Items from a dataset

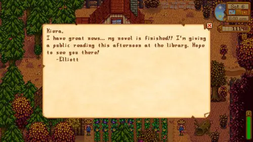 The player receives an invitation in the mail to attend Elliott’s book reading at the library. Upon arriving Elliott greets the player and expresses relief at finishing his book. Almost the entire town is present as Elliott commences the book reading (which will be whichever genre the player chose in the second heart event). Elliott finishes the reading and dedicates the book to the player.
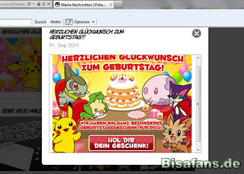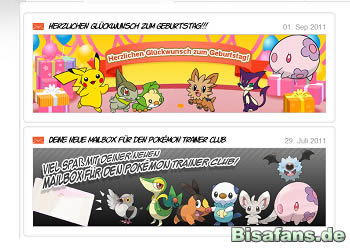 Das Postfach bei pokemon.com mit zwei Nachrichten. Die obere ist die
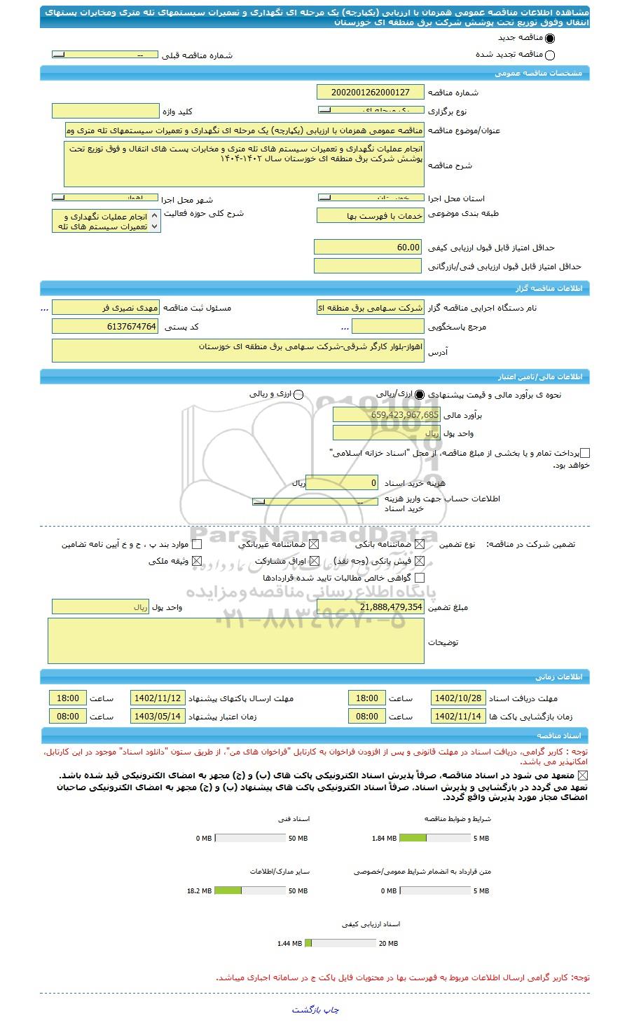 | مبلغ تضمین | 21,888,479,354 | واحد پول | ریال |
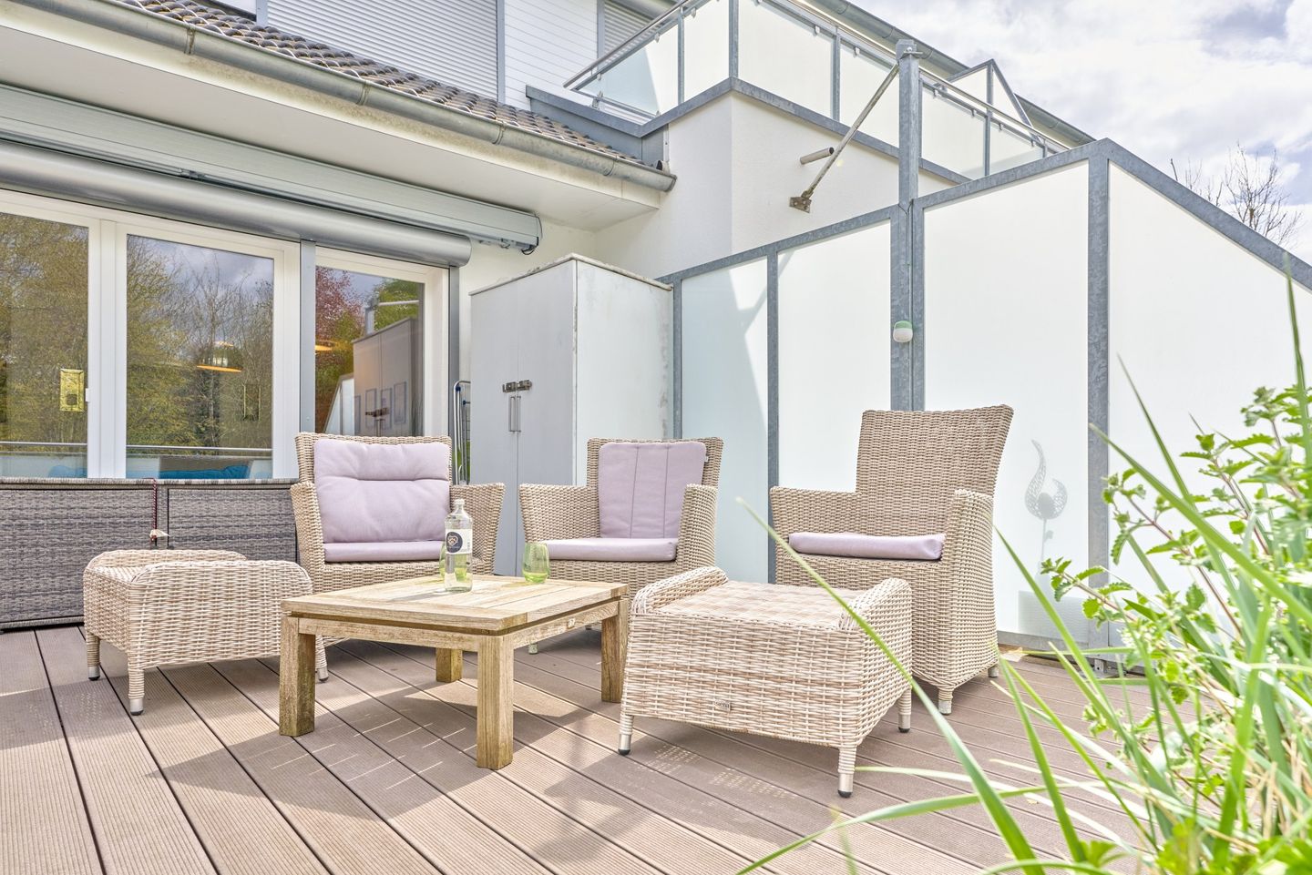 Ein Strandkorb lädt dazu ein, sich zurückzulehnen und die frische Meeresluft zu genießen, während Sie gleichzeitig vor Sonne und Wind geschützt sind. Erleben Sie die typische Ostsee-Entspannung in Ihrem eigenen kleinen Rückzugsort direkt auf der Terrasse.Zusätzlich dazu finden Sie bequeme Gartenmöbel auf der Terrasse, die ideal sind, um gemütlich zusammenzusitzen, zu plaudern und die Sonne zu genießen. Ob Sie sich beim Frühstück im Freien verwöhnen lassen oder den Tag bei einem Glas Wein ausklingen lassen möchten, diese Gartenmöbel bieten den perfekten Ort dafür.
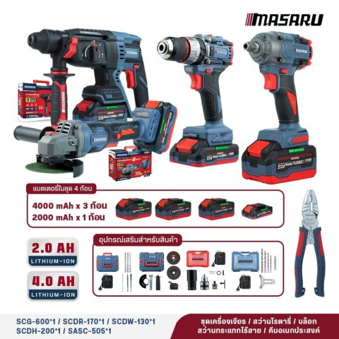 ยกระดับงานช่างและงานซ่อมของคุณให้ครบจบในชุดเดียวด้วย SET 5 ชิ้น เครื่องเจียรไร้สาย บล็อคไร้สาย โรตารี่ สว่านกระแทก คีมอเนกประสงค์ MASARU พร้อมแบตและอุปกรณ์ ชุดเครื่องมือไร้สายระบบ 20V ที่ออกแบบมาเพื่อทั้งช่างมืออาชีพและสายงาน DIY ที่ต้องการความคล่องตัว ทนทาน และพลังแรงอย่างต่อเนื่อง ในราคาสุดคุ้มเพียง ฿6,666.41
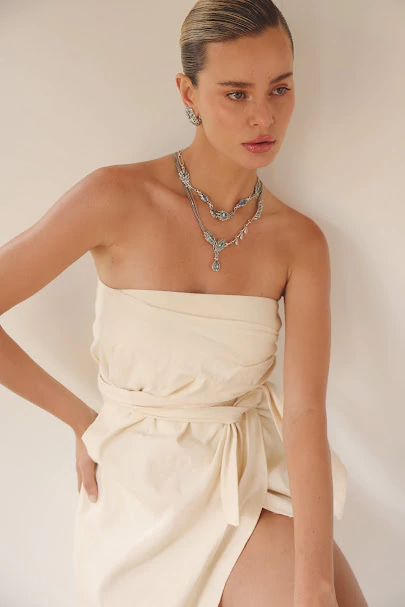 Os brincos e colares, com suas formas fluídas e leves, evocam o movimento das penas ao vento, enquanto os anéis trazem uma explosão de brilho, como se cada pedra fosse uma estrela a brilhar em seu próprio céu.
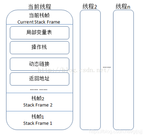 2)每个方法在执行的同时都会创建一个栈帧(Stack Frame),用于存储局部变量表、操作数栈、动态链接、方法出口等信息。
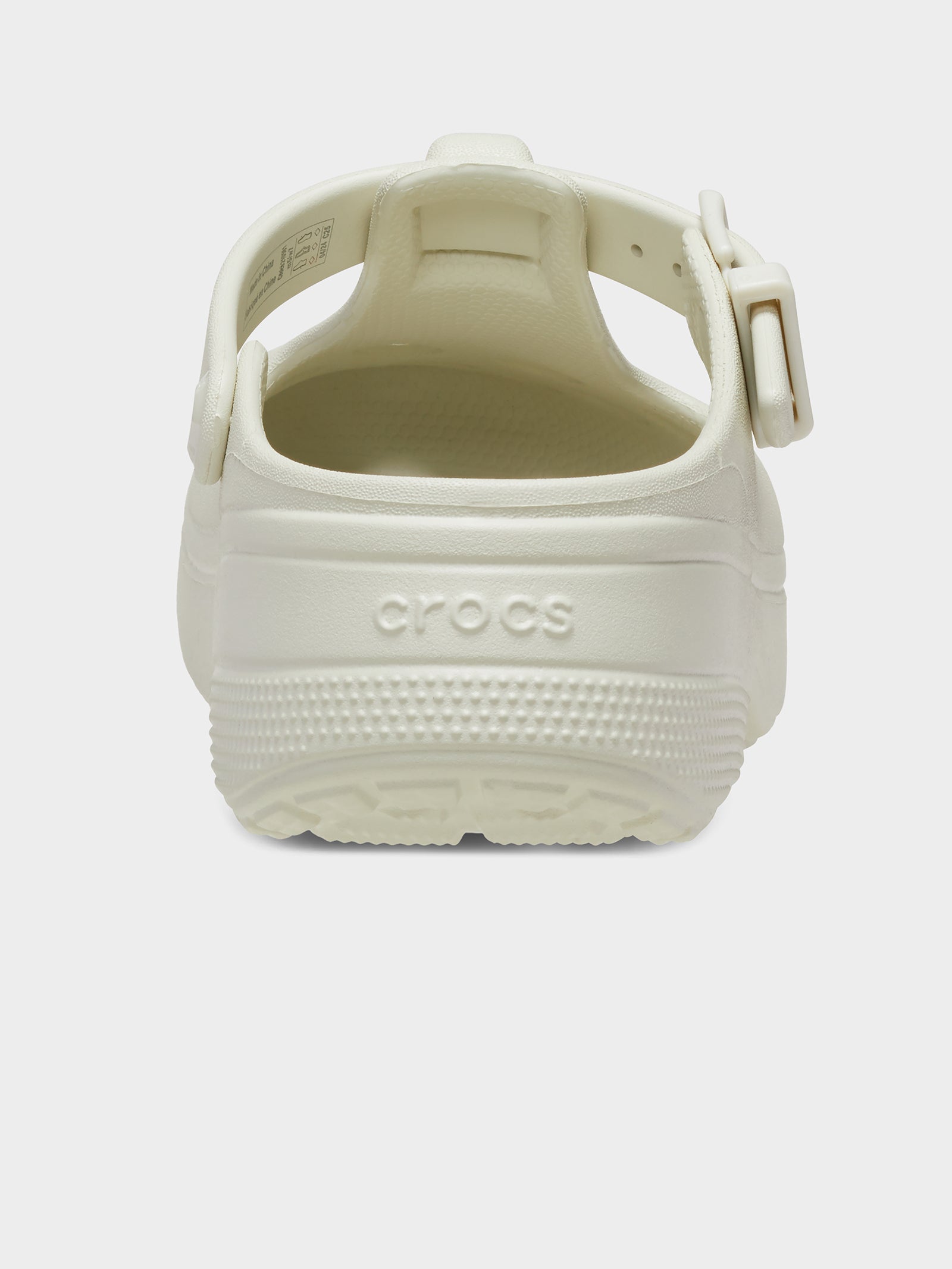 The Mary Jane Clog in Linen by Crocs features a slight platform heel and an adjustable front strap for versatile wear. This clog has feminine lines and trend-right appeal.
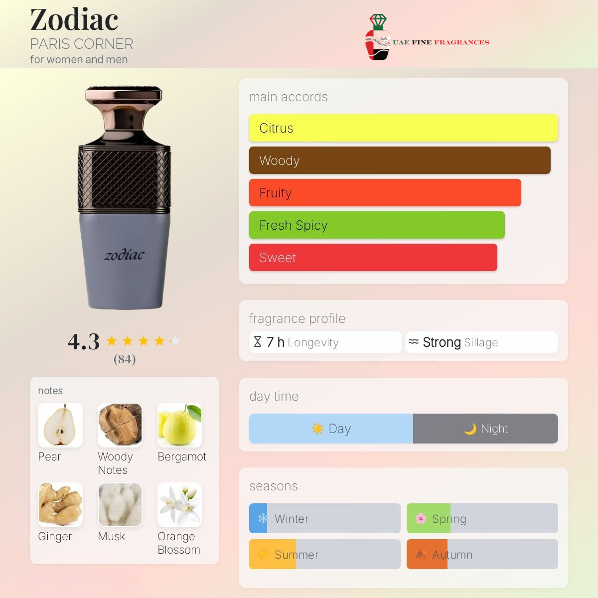 Zodiac by PARIS CORNER is a Oriental Floral fragrance for women and men. This is a new fragrance. Zodiac was launched in 2024. Top notes are Pear, Bergamot and Ginger; middle notes are Woody Notes, Orange Blossom and Jasmine; base notes are Musk, Vanilla and Amber.

(TASK ITEM):
When you reach a picture in the records above, pass over it and transcribe the rest exactly.

(SOLUTION BELOW):
 The player receives an invitation in the mail to attend Elliott’s book reading at the library. Upon arriving Elliott greets the player and expresses relief at finishing his book. Almost the entire town is present as Elliott commences the book reading (which will be whichever genre the player chose in the second heart event). Elliott finishes the reading and dedicates the book to the player.
 Das Postfach bei pokemon.com mit zwei Nachrichten. Die obere ist die
 | مبلغ تضمین | 21,888,479,354 | واحد پول | ریال |
 Ein Strandkorb lädt dazu ein, sich zurückzulehnen und die frische Meeresluft zu genießen, während Sie gleichzeitig vor Sonne und Wind geschützt sind. Erleben Sie die typische Ostsee-Entspannung in Ihrem eigenen kleinen Rückzugsort direkt auf der Terrasse.Zusätzlich dazu finden Sie bequeme Gartenmöbel auf der Terrasse, die ideal sind, um gemütlich zusammenzusitzen, zu plaudern und die Sonne zu genießen. Ob Sie sich beim Frühstück im Freien verwöhnen lassen oder den Tag bei einem Glas Wein ausklingen lassen möchten, diese Gartenmöbel bieten den perfekten Ort dafür.
 ยกระดับงานช่างและงานซ่อมของคุณให้ครบจบในชุดเดียวด้วย SET 5 ชิ้น เครื่องเจียรไร้สาย บล็อคไร้สาย โรตารี่ สว่านกระแทก คีมอเนกประสงค์ MASARU พร้อมแบตและอุปกรณ์ ชุดเครื่องมือไร้สายระบบ 20V ที่ออกแบบมาเพื่อทั้งช่างมืออาชีพและสายงาน DIY ที่ต้องการความคล่องตัว ทนทาน และพลังแรงอย่างต่อเนื่อง ในราคาสุดคุ้มเพียง ฿6,666.41
 Os brincos e colares, com suas formas fluídas e leves, evocam o movimento das penas ao vento, enquanto os anéis trazem uma explosão de brilho, como se cada pedra fosse uma estrela a brilhar em seu próprio céu.
 2)每个方法在执行的同时都会创建一个栈帧(Stack Frame),用于存储局部变量表、操作数栈、动态链接、方法出口等信息。
 The Mary Jane Clog in Linen by Crocs features a slight platform heel and an adjustable front strap for versatile wear. This clog has feminine lines and trend-right appeal.
 Zodiac by PARIS CORNER is a Oriental Floral fragrance for women and men. This is a new fragrance. Zodiac was launched in 2024. Top notes are Pear, Bergamot and Ginger; middle notes are Woody Notes, Orange Blossom and Jasmine; base notes are Musk, Vanilla and Amber.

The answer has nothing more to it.